What's so startling, and so wrenching about the Lennon Documents—music and speech—is that they suggest a radical way out; a way to deal with dreams. Lennon's way, it seems to me, is a revival of honesty, a commitment to authenticity of feeling that overcomes the real fears of self-contradiction, failure and pain. In that sense, the value of his personal depositions in the Rolling Stone interviews is not in the promulgation of a "correct line", but in the presentation of a real personal and public struggle to be free. Of course Lennon is nothing if not a walking bundle of contradictions; his enormous ego is oppressive still, even in cool print; he reveals a very unliberated attitude toward race, class and sex ("I hope ['Working-Class Hero') is for workers and not for tarts and fags") and some liberated attitudes. His songs are less contradictory, because more carefully thought out, and there are occasional verses of such clarity and force that they transcend that aspect of banality which we all used to explain away in Lennon lyrics:

Keep you doped with religion and sex and TV
And you think you're so clever and classless and free
But you're still fucking peasants as far as I can see
A working-class hero is something to be

There is a real problem in his attempt to incorporate the material of his recent "primal scream" psychotherapy into the music.
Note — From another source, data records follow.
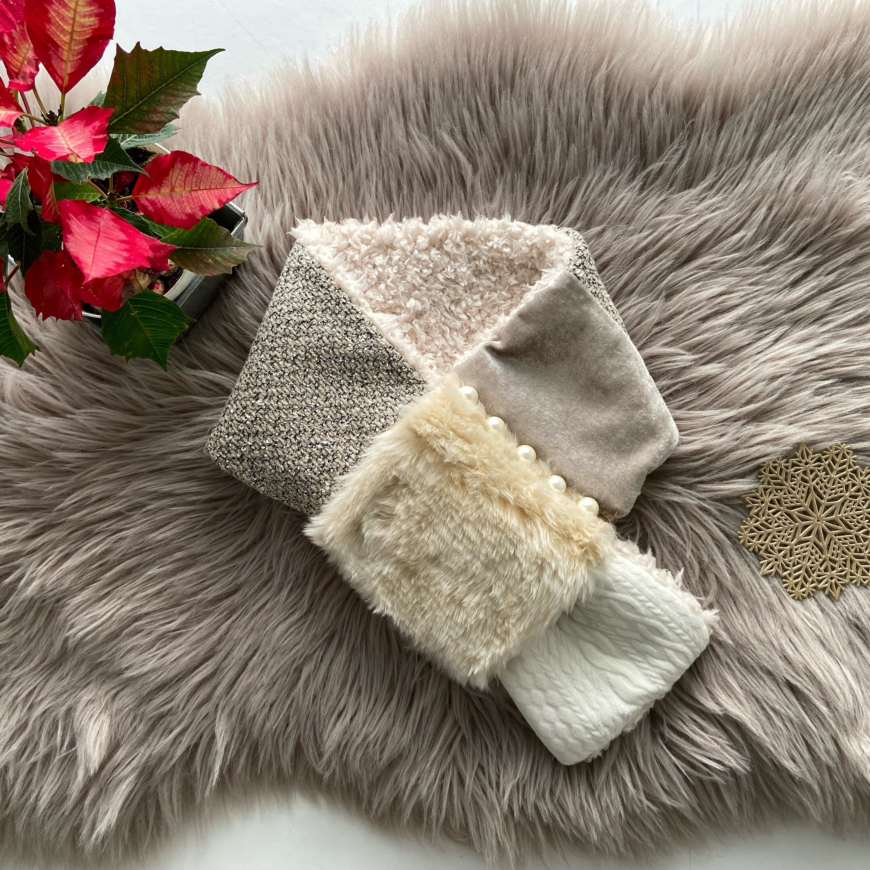 モコモコの可愛いファーといろいろな素材を組み合わせたアクセサリー感覚の女性らしいコンパクトマフラーです☆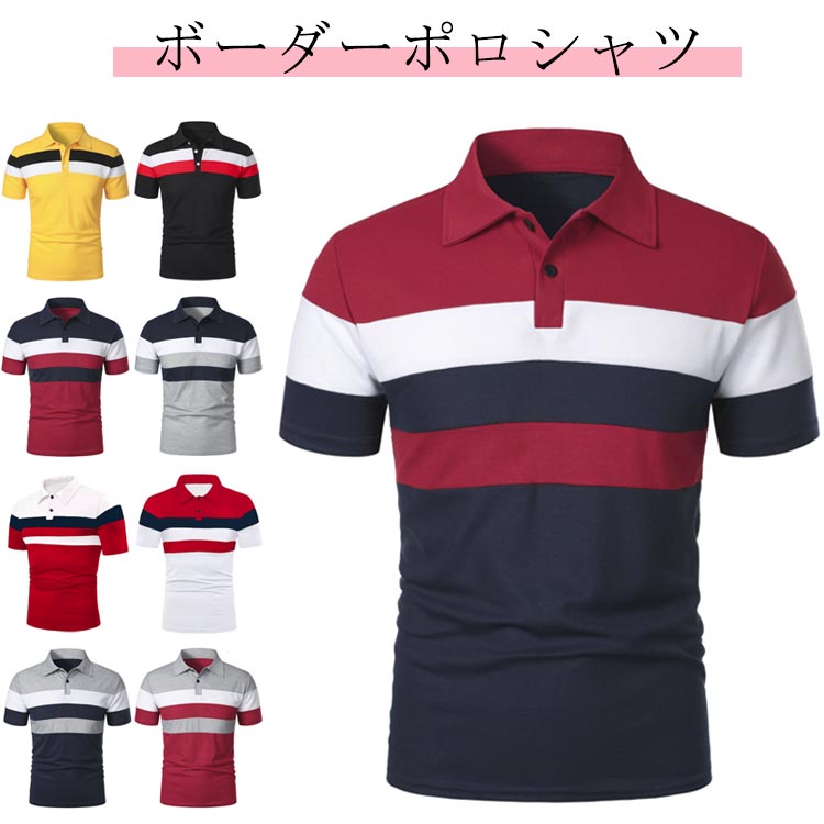 ボーダー柄 仕事 メンズ ゴルフトップス 速乾 紳士服 半袖 ポロシャツ 薄手 蒸れない トップス 父の日 春夏 ビズポロ 吸汗 無地 シンプル 大きいサイズ 通勤 ビジネス おしゃ 快適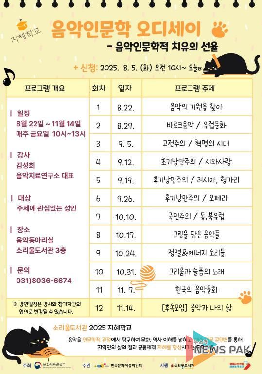 뉴스팍 이소율 기자 | 오산시는 오는 8월 22일부터 11월 14일까지, 소리울도서관에서 시민 대상 인문학 강좌 ‘2025 지혜학교 – 음악인문학 오디세이’ 프로그램을 운영한다고 밝혔다.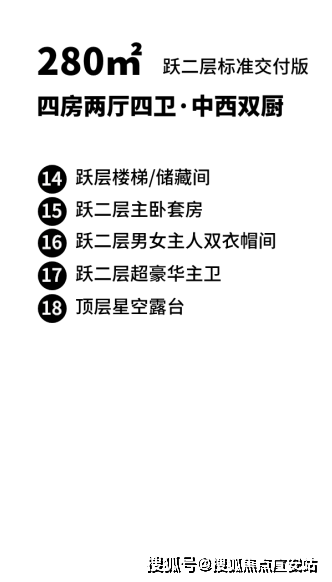 另外还在205㎡产品的大框架上,升级了顶跃280㎡产品,套型设计为四房两厅四卫,跃一层的大体格局与205㎡产品相似,同样的可以独享私家电梯厅入户,独立玄关,公区LDKB一体化设计,不同的是跃一层的公区南向客厅面宽升级到市场上稀缺的11.4米。公区可拓展功能空间变得更自如,可扩展区域完全可以当做一个完整的南向卧室使用。厨房同样做到了中西双厨设计,厨房与家政空间联动,空间利用率高。另外私区打造南向双主卧套房,私密性更强,层高做到了3.15米。跃一层楼梯下还可作为临时储藏使用。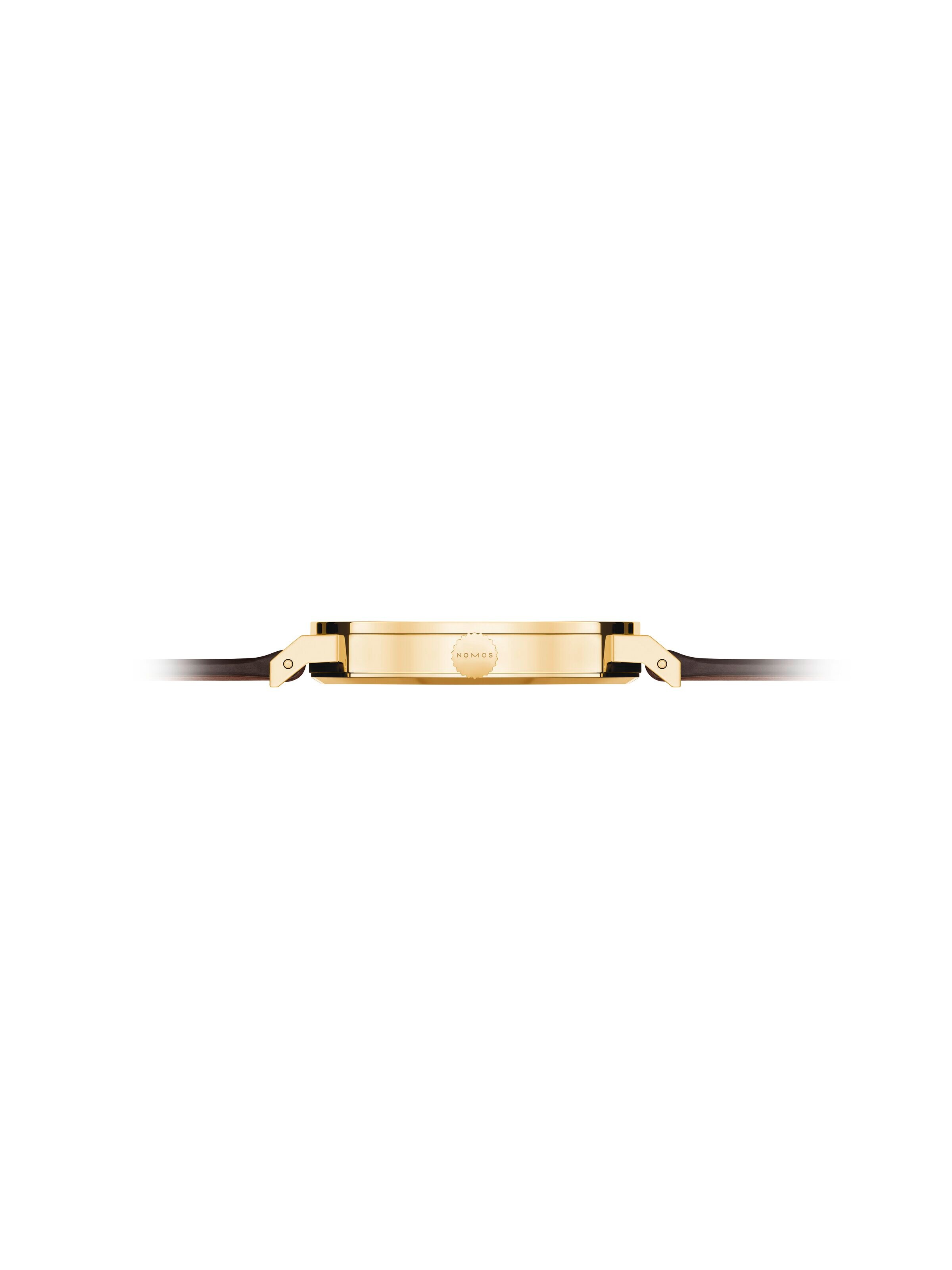 This Nomos automatic wristwatch (Ref. 196) strikes a perfect balance between minimalist clarity and precious materials. The slim 38.5-millimeter case in 18k yellow gold adds a warm touch that subtly highlights the white dial with Arabic numerals and hour markers. The small seconds subdial lends a calm, classic look, while the date display conveniently structures daily life. Inside, the manufacture calibre DUW 6101—a self-winding movement with a power reserve of up to 50 hours—ensures reliable precision. Sapphire crystal offers a view of the dial and movement, underscoring the watch’s high-quality standards. The brown cordovan leather strap completes the look with a natural, elegant touch. With a water resistance of 3 bar, this watch is ideal for daily wear without losing its luxurious appeal.

It is immediately effective but somehow too transient a notion, and its extreme expressiveness jaws with the simplicity of statement that informs most of his songs.

But there's not much point in an analyse du texte of the album or the interviews. Their value is in the impression they create, rather than in the line they promote. Most of us who have listened to the Lennon album have also been digging George Harrison's All Things Must Pass and Dylan's New Morning, and comparisons are inevitably made, and perhaps instructive. Harrison certainly goes down smooth and easy, but I can't see that it's much more than karmic bubble-gum music, a wah-wah trip to the top of the charts. Dylan's songs are masterpieces of formalism; even where he is explicitly singing of himself there is a feeling of a third personality: Zimmerman as Dylan as song-writer. No pain, no struggle. That may be cool enough; songs are songs. But after the intensity of Lennon's psychological and political explorations, simple song-writing seems an empty pastime, a respite rather than a realization.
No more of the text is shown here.